Rain is due midweek, but there should be some partly sunny breaks between rain clouds, especially Thursday. Make the most of those opportunities and show your garden some TLC.

* Brighten the holidays with winter bloomers such as poinsettias, amaryllis, calendulas, Iceland poppies, pansies and primroses.

* Keep poinsettias in a sunny, warm location. Water thoroughly. After the holidays, feed your plants monthly so they’ll bloom again next December.

* Rake and remove dead leaves and stems from dormant perennials.

* Rake and compost leaves from trees, but dispose of any diseased plant material. For example, if peach and nectarine trees showed signs of leaf curl this year, clean up under trees and dispose of those leaves instead of composting.

* Clear gutters and storm drains.

* Prune dead or broken branches from trees.

* Plant bulbs at two-week intervals to spread out your spring bloom. Some possible suggestions: daffodils, crocuses, hyacinths, tulips, anemones and scillas.

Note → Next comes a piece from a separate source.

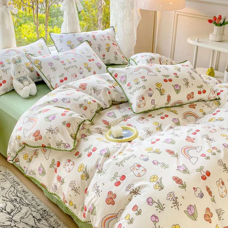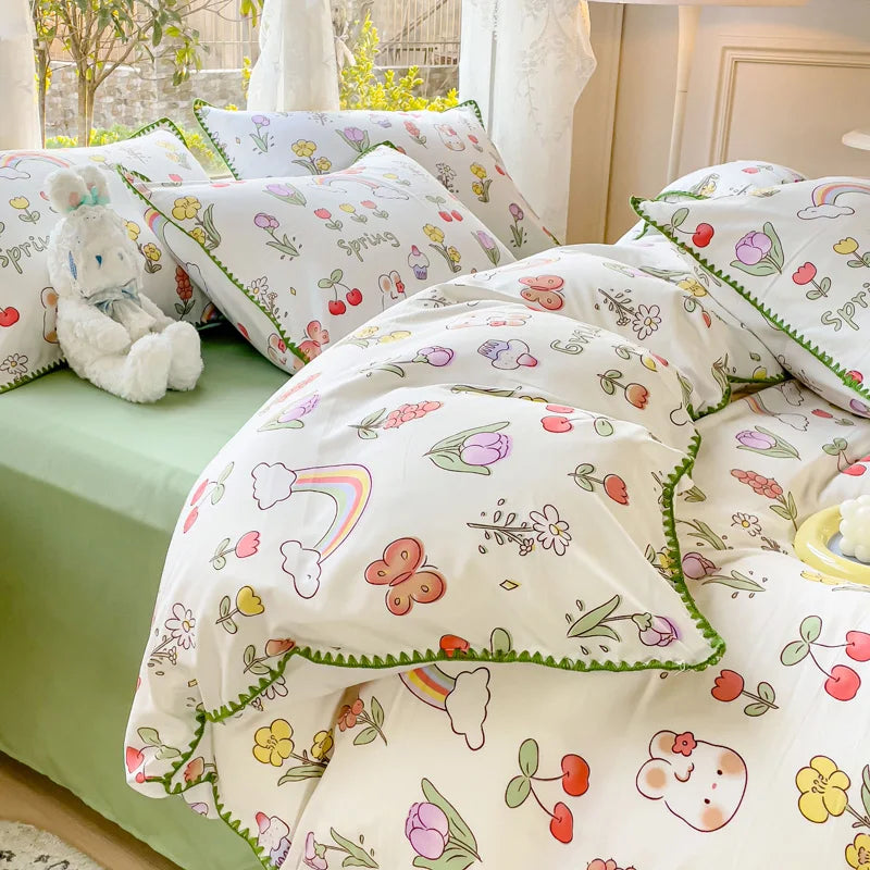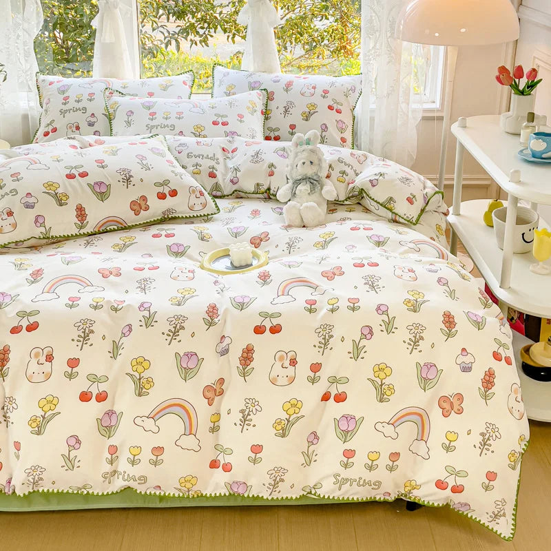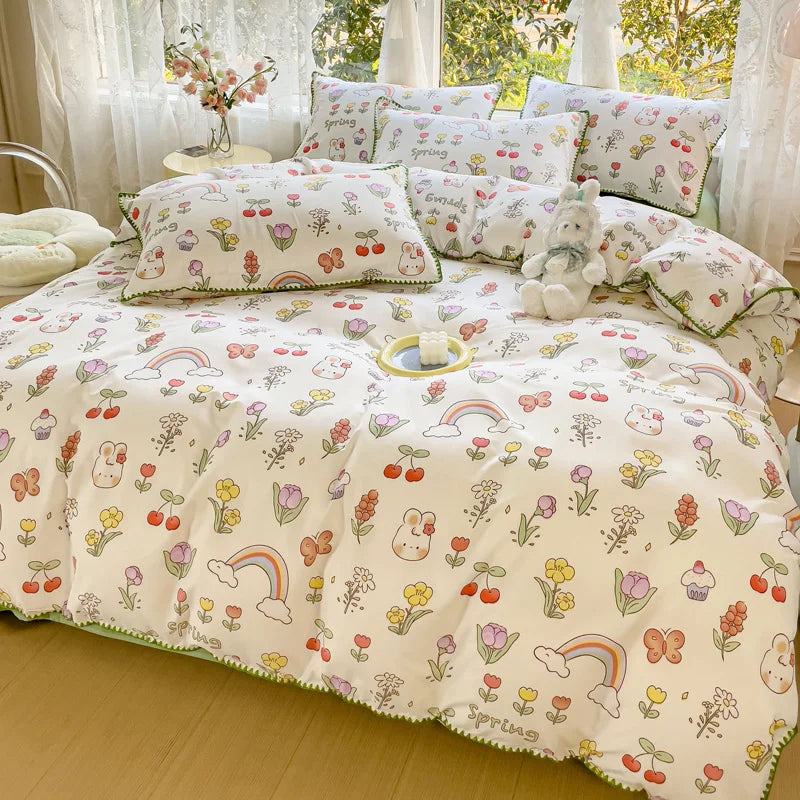 Pastoral Girls Flower Bedding Sets, Washed Cotton Bed Linens, Soft Quilt Cover Sheet Set, Simple Bedspread, Home Textiles
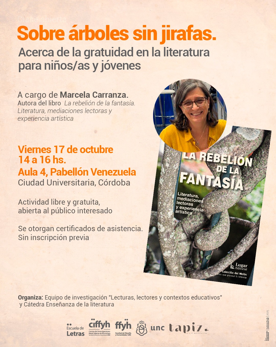 El Área de Letras del CIFFyH invita a participar de la Clase abierta: Sobre árboles sin jirafas. Acerca de la gratuidad en la literatura para niños/as y jóvenes, a cargo de la escritora Marcela Carranza, autora del libro La rebelión de la fantasía. Literatura, mediaciones lectoras y experiencia artística.

* Seed wildflowers and plant such spring bloomers as sweet pea, sweet alyssum and bachelor buttons.

* Set out cool-weather annuals such as pansies, violas and snapdragons.

* Lettuce, cabbage and broccoli also can be planted now.

* Plant garlic and onions.

* Give your azaleas, gardenias and camellias a boost with chelated iron.

* For larger blooms, pinch off some camellia buds.

* Prune non-flowering trees and shrubs while they’re dormant.

* Clean and sharpen garden tools before storing for the winter.

* Bare-root season begins. Plant bare-root berries, kiwifruit, grapes, artichokes, horseradish and rhubarb.